The parameters are as following:

  • URL : JDBC connection string build previously
  • table : Target table name
  • mode : overwrite or append
  • Properties : the connection details which includes the username, password and the driver details.
def writeToSQLDB(df, epochId):
  df.write.jdbc(url=jdbcUrl, table="rates", mode="append", properties=connectionProperties)

Start the structured streaming process of a type RateStreamSource. RateStreamSource is a streaming source that generates consecutive numbers with timestamp that can be useful for testing and PoCs.

The options available are:

Name Default Value Description
numPartitions (default parallelism) Number of partitions to use
rampUpTime 0 (seconds)
rowsPerSecond 1 Number of rows to generate per second (has to be greater than 0)

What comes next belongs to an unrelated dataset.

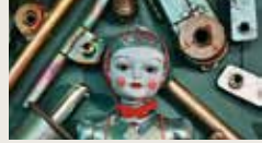
LOVE BYTES: AI-MEE IS HEARTLESS MELODY LEMOON BOSSAN, ETHEREAL GWIRL 00:03:00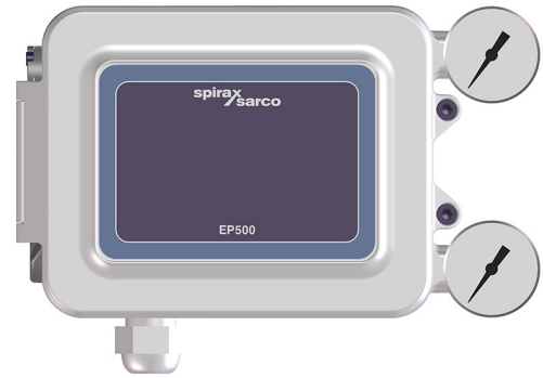
EP500 con la tapa frontal cerrada

This will generate a dataframe with this structure:

Name Type
timestamp TimestampType
value LongType

Here's a good source of information : https://jaceklaskowski.gitbooks.io/spark-structured-streaming/spark-sql-streaming-RateStreamSource.html

# Prepare streaming source; this could be Kafka, Kinesis, or a simple rate stream.
df = spark.readStream \
  .format("rate") \
  .option("rowsPerSecond", "100000") \
  .option("numPartitions", "16") \
  .load()

Write in a foreachBatch

Write the df as part of the structured streaming.

foreachBatch(...) allows you to specify a function that is executed on the output data of every micro-batch of a streaming query. Since Spark 2.4, this is supported in Scala, Java and Python. It takes two parameters: a DataFrame or Dataset that has the output data of a micro-batch and the unique ID of the micro-batch.

See documentation on this : https://spark.apache.org/docs/latest/structured-streaming-programming-guide.html#foreachbatch

In our example, we use the writeToSQLDB function we wrote above which executes for each structured streaming batch

df.writeStream \
    .foreachBatch(writeToSQLDB) \
    .outputMode("update") \
    .start()

# Apply some transformations to the data then use
# Structured Streaming API to continuously write the data to a table in SQL DW.

df.writeStream \
  .foreachBatch(writeToSQLDB) \
  .outputMode("update") \
  .start()